=== Work instructions ===
Lines from the beginning of the material below through the line that has "Beispielsweise erhält man" are to be reproduced exactly, but pictures are not.

=== Data shown ===
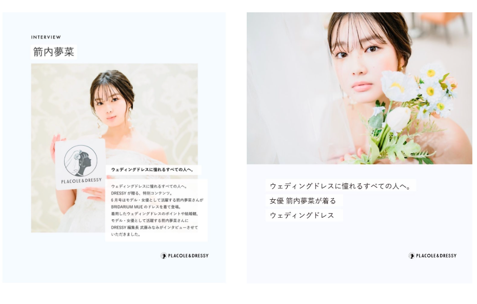 女優 箭内夢菜さんが花嫁アプリ『PLACOLE&DRESSY』にウェディングドレス姿で初登場!ウェディングドレスに憧れるすべての人へのメッセージとは?
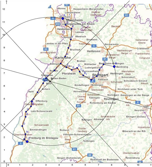 Beispielsweise erhält man mit den unten eingetragenen Streckenzügen und Bühl als Treffpunkt, dass Frau Nöbel aus Freiburg und Herr Laschinger aus Mannheim ungefähr gleich weit fahren müssten, während Frau Yildiz aus Backnang einen weiteren Anfahrtsweg hätte.
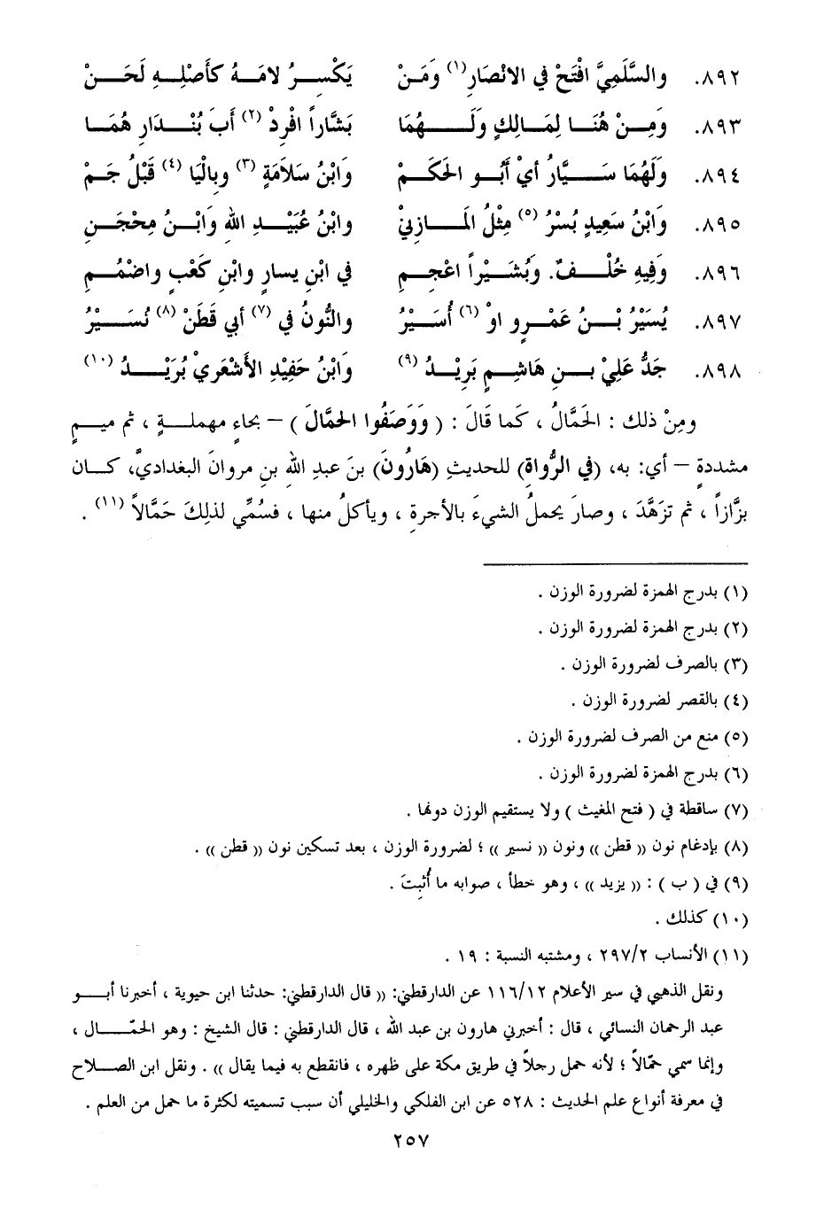 ومِنْ ذلك: الحَمَّالُ، كَما قَالَ: (وَوَصَفُوا الحمَّالَ) - بحاءٍ مهملةٍ، ثم ميمٍ مشددةٍ - أي: به، (في الرُّواةِ) للحديثِ (هَارُونَ) بنَ عبدِ اللهِ بنِ مروانَ البغداديَّ، كان بزَّازاً، ثم تزَهَّدَ، وصارَ يحملُ الشيءَ بالأجرةِ، ويأكلُ منها، فسُمِّي لذلِكَ حَمَّالاً (¬11).

=== Exercise output ===
 女優 箭内夢菜さんが花嫁アプリ『PLACOLE&DRESSY』にウェディングドレス姿で初登場!ウェディングドレスに憧れるすべての人へのメッセージとは?
 Beispielsweise erhält man mit den unten eingetragenen Streckenzügen und Bühl als Treffpunkt, dass Frau Nöbel aus Freiburg und Herr Laschinger aus Mannheim ungefähr gleich weit fahren müssten, während Frau Yildiz aus Backnang einen weiteren Anfahrtsweg hätte.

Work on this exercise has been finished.